The Pew Research Center reports only 20 percent of today’s 16- and 17-year-olds hold a summer job and that rate is lower among teens of color. And there are overwhelming statistics that show summer time — when their schedules are less structured — is when there is more risky behaviors like violence, drinking and drug use.
That’s why I regard the Richard M. Schulze Family Foundation providing free summer memberships to teens so important to the Y’s work. In fact, given past success, we’ve expanded the partnership from 4,800 to 6,200 kids at 25 different Y’s throughout the Twin Cities. The programming for the students includes health and well-being classes, fitness challenges using the Y app, leadership and character development programs, and job readiness and workshops designed to help them with employment opportunities. It also provides an outlet for these young people to serve others. Developing a “social good” conscious will pay back for them and their communities for a lifetime.
I wanted to provide the Richard M. Schulze Family Foundation this platform to explain why they have ramped up their support of this program. Here is a Q & A we did with former University of St. Thomas executive vice president and chief operating officer Mark Dienhart, who now is the president and CEO of the Richard M. Schulze Family Foundation:
Q: Why does the foundation support this summer membership program for teens?
A: It starts with Dick. He grew up in a family that was lower-middle class, where his father owned a business. There weren’t a lot of people who were going to bat for them, and they struggled to make ends meet without any public assistance. So he’s had a bias to help people who are trying to get into the middle class.
This summer program was a perfect way of doing a lot of what he wanted to do. It gives kids a chance to gain access to the Y and a chance to work. We saw this as kids who not only would avail themselves of the fitness and recreation opportunities but also contributing back to the Y with the work that they would be doing.
Q: How often do you hear about the program’s stories of impact?
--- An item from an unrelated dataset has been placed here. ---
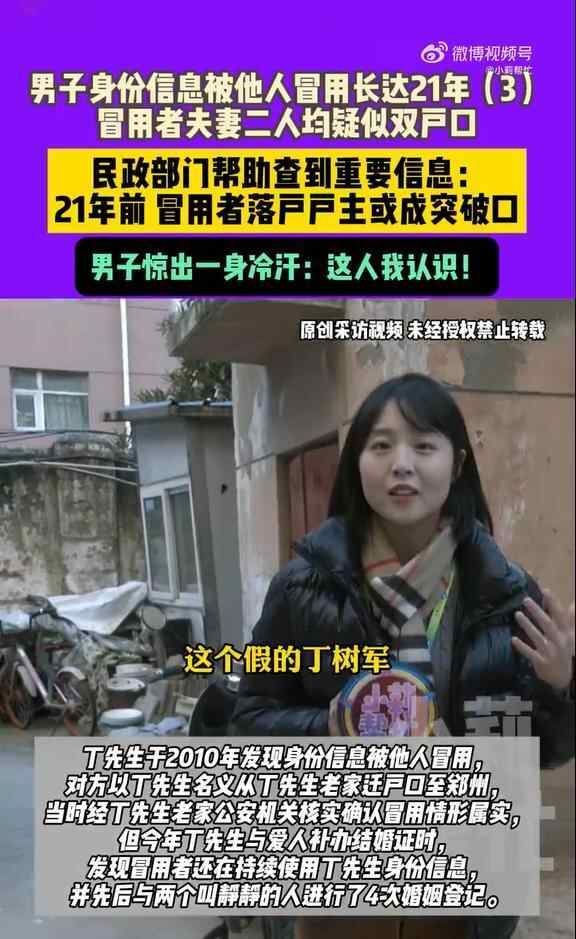 12月25日,河南郑州,丁先生与妻子重新办理结婚证,却意外发现自己和两名名叫晶晶的女子已经登记了四次婚姻。这段时间,男子还利用自己的信息买车买房? “我在2010年就发现它被盗用了,当时公安部门就把它从系统中删除了。我不明白为什么这么多年了我的信息仍然被盗用?”诈骗犯及其妻子均涉嫌拥有双重户口。民政部门帮助寻找重要信息。诈骗犯晶晶登记了四次婚姻。疑似两女在家都有dalpo登记?而假用户涉嫌以投亲名义变更户籍?丁先生出了一身冷汗:转身走的人我认识!来源:小李帮忙

A: There are so many of them! But there are some things that tend to impress Dick and our board. One is strong leadership, and Glen came to speak to the board at our last board meeting, and we know what a strong leader he is. Dick knows the importance of leadership, and he knows how important it was when he was building his company, and making it the largest consumer electronics retailer in the world. The program can impact so many people and also the values of the organization. All of that dovetails very nicely with what Dick is trying to accomplish with his philanthropy.
Dick’s been involved in a lot of things, but every time I talk to him about the Y, he essentially says, “It’s a tremendous feel good.” That’s what I try to provide for him, and that’s what he deserves, given what he’s trying to accomplish. I’m grateful to Glen and the Y.
We at the Y are so grateful to partner with such amazing individuals and foundations. But there are other elements at work with this program. Oftentimes, our young people get cocooned by others who are most like them. In serving all, we allow kids to be around others from all backgrounds. We are emerging as a richly diverse community…a local, yet global community. This is the environment they grow up in, live in and work in. They can broker and bridge relationships, with folks who aren’t like them. Not from the same athletic programs. Not from the same ethnicities.
We also proudly provide caring adults who can help them because we know, in youth development, success is predicated in a young person’s connection to one or more caring adults. This program is connecting those youth to folks at the YMCA who ultimately are looking out for them.
We can’t wait to share more powerful success stories with Mr. Schulze and all of you.